La colesterolemia totale è un indice poco attendibile di rischio cardiovascolare, comunque si collochi il suo valore massimo. Trova ancora largo impiego, perché si dà per scontato che tutti abbiano il valore Hdl (colesterolo buono) basso; il rischio cardiovascolare, però, non nasce da una colesterolemia totale alta, ma da un alto rapporto tra questa e l’Hdl. La paura della malattia chiamata "ipercolesterolemia", nonostante queste chiare evidenze scientifiche, è diventata nel giro di pochi anni una delle principali preoccupazioni di milioni di occidentali. Per chi produce e vende medicine la diffusione di tale paura ha fruttato ingenti guadagni: diverse nazioni negli ultimi anni hanno speso di più per i farmaci anticolesterolo che per ogni altro genere di medicinali con obbligo di ricetta medica. Nel loro insieme, oggi questi farmaci generano introiti di oltre 25 miliardi di dollari all'anno per i loro produttori (la Bayer tedesca, l’anglo-svedese Astra Zeneca e la statunitense Pfizer). In realtà, come abbiamo visto, il colesterolo è una molecola essenziale, un elemento indispensabile per vivere.  Effettivamente molte persone con un elevato livello di colesterolo nel sangue hanno un rischio maggiore di ictus cerebrali e attacchi cardiaci. Però, la medicina basata sulle evidenze dice una cosa più importante: avere il colesterolo alto è solo uno dei tanti fattori che influiscono sulle probabilità di sviluppare disturbi cardiaci insieme a ipertensione, diabete, obesità, fumo, familiarità.  

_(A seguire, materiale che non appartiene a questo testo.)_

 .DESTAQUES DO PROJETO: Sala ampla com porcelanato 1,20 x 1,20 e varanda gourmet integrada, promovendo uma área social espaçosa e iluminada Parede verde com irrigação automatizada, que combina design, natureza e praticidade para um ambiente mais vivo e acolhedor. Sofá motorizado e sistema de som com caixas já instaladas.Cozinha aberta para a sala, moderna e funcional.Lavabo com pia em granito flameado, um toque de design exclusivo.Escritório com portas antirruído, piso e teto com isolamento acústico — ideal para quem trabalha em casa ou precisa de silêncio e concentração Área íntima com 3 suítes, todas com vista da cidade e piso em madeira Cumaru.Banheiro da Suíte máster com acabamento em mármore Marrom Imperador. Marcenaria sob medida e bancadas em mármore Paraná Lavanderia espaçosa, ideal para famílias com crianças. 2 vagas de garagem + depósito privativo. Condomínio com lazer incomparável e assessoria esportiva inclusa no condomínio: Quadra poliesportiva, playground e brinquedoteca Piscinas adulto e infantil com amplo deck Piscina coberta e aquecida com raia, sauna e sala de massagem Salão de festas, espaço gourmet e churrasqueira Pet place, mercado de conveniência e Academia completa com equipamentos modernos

Secondo molti specialisti della prevenzione i nuovi farmaci che abbassano il colesterolo – le famose statine – hanno un senso solo nei casi di persone che abbiano già avuto disturbi cardiaci; per la maggioranza delle persone sane esistono 3 provvedimenti molto più economici, sicuri ed efficaci: migliorare la propria dieta, fare più movimento e smettere di fumare.   

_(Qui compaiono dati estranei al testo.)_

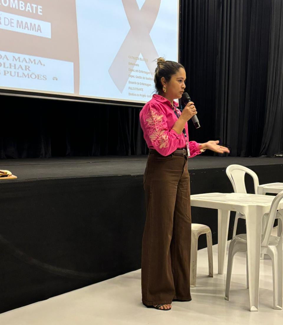 Com uma abordagem acolhedora e informativa, a palestrante trouxe dados atualizados, esclareceu dúvidas do público e reforçou a importância do diagnóstico precoce, do autocuidado e do acesso à saúde. O momento foi marcado por troca de experiências e grande participação dos presentes, que lotaram o auditório em busca de conhecimento e apoio mútuo.

La definizione di ipercolesterolemia - l'abbiamo visto -  viene periodicamente rivista. Sembra interessante notare - come nel caso dell’ipertensione e della iperglicemia - quanto la condizione di "colesterolo alto” sia stata progressivamente ampliata per poter classificare come malate un numero sempre maggiore di persone sane.

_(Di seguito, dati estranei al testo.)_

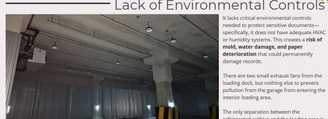하지만 현재 이관 절차가 충분한 보호 조치 없이 진행되고 있다는 점에 대해 깊은 우려를 표합니다. 확인된 바에 따르면, 현재 이관 예정지는 임시로 지정된 장소로 고양시 외곽에 위치한 냉동-냉장 물류창고 건물의 4층입니다. 대중교통 접근성이 부족하며 온도-습도 조절, 화재 대비 시스템, 보안 디지털 인프라가 모두 공공기록물 보존 기준치에 미비한 것으로 알려져 있습니다. 보전과 복원 그리고 전산화를 위한 시설이 추가로 들어설 자리가 부족한 조건이기도 합니다. 나아가 장기적인 계획을 위한 로드맵도 현재 공개되고 있지 않고 있어 이 미비한 임시시설이 자연스레 장기시설로 고착하지 않을까 우려됩니다.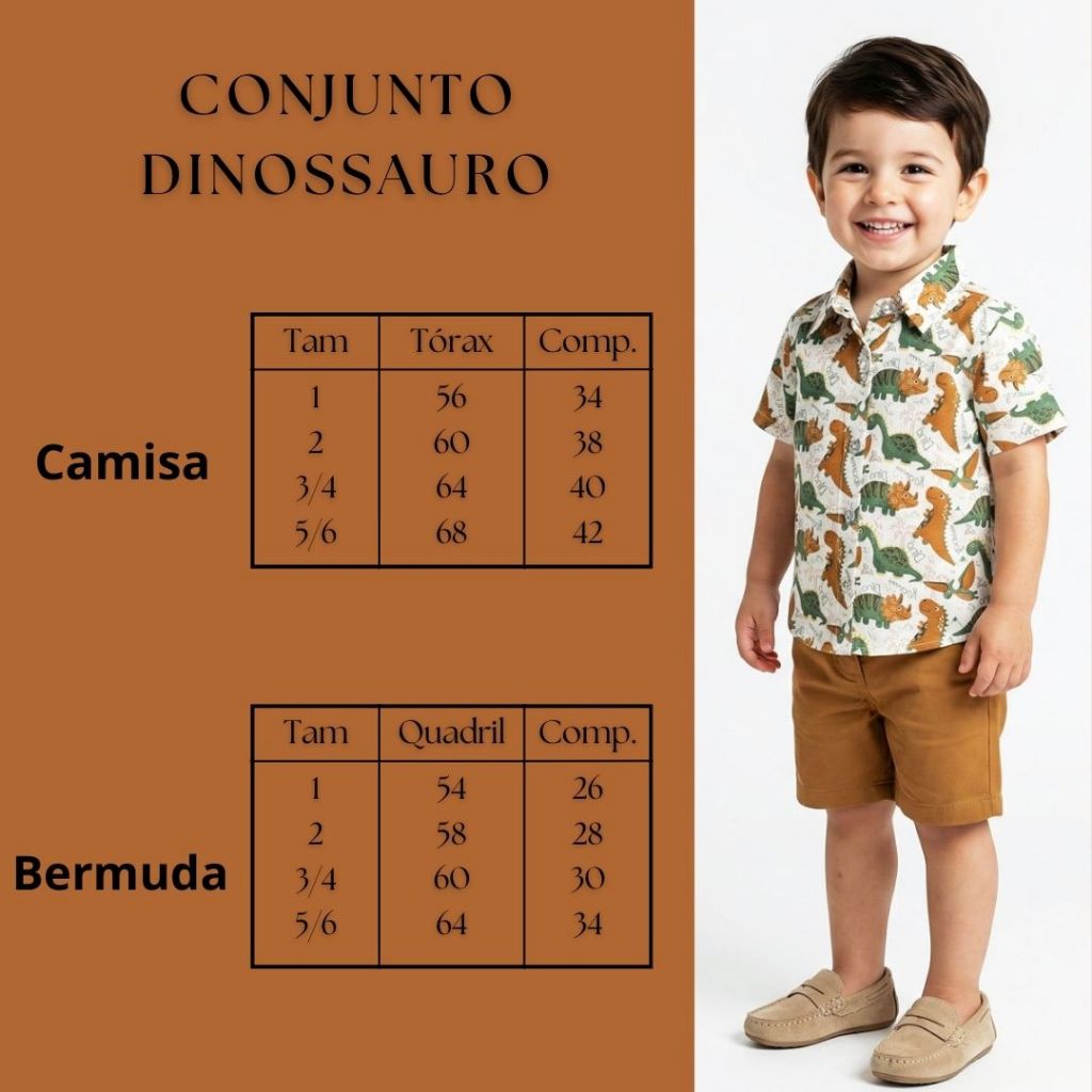 CONJUNTO DINOSSAURO INFANTIL *** Veja o TAMANHO que corresponde ao PESO da criança *** TAM 01 - veste de 08 a 11 Kg TAM 02 - veste de 12 a 15 Kg TAM 03/04 - veste de 16 a 18 Kg - Tecido leve, fresquinho e confortável. - Camisa manga curta com botões na frente. - Bermuda com elástico para regulagem e melhor ajuste a cintura da criança. - Bermuda com bolsos decorativos atrás. Composição: Camisa de Tricoline 65% poliéster e 35% algodão Bermuda de Brim 65% poliéster e 35% algodão

Secondo i National Institutes of Health (Istituti Nazionali per la Salute) negli anni '90, 13 milioni di statunitensi avrebbero avuto bisogno di essere curati con le statine. Nel 2001 un altro comitato di esperti ha riformulato le linee guida facendo salire tale numero a 36 milioni, peccato che 5 dei 14 autori di questa nuova indicazione, compreso il presidente della commissione, avessero legami finanziari con i produttori di statine. Nel 2004 un nuovo comitato di esperti ha ulteriormente aggiornato le direttive, sottolineando che, accanto all'importanza di cambiare lo stile di vita, più di 40 milioni di statunitensi avrebbero potuto trarre beneficio dall'assunzione di farmaci: stavolta tutti gli esperti tranne uno,  8 su 9,  lavoravano anche come relatori, consulenti o ricercatori per le maggiori case farmaceutiche mondiali (per approfondire l’argomento “Farmaci che ammalano e case farmaceutiche che ci trasformano in pazienti “ di R.Moynihan e A.Cassels)
P.S. Nel 2001 la Bayer ha ritirato dal commercio la cerivastatina – nome commerciale Lipobay/Baycol – dopo oltre 50 morti per rabdomiolisi. All'inizio del 2008 è stata resa pubblicata una ricerca del 2006, condotta e finanziata dai produttori di due farmaci anticolesterolo, l'ezetimibe che ne inibisce l'assorbimento intestinale e la simvastatina che ne riduce la produzione nel fegato (associati con il nome commerciale Inegy). Lo studio ha dimostrato che i due farmaci abbassano effettivamente il livello di colesterolo presente nel sangue, ma non riducono il rischio di infarto.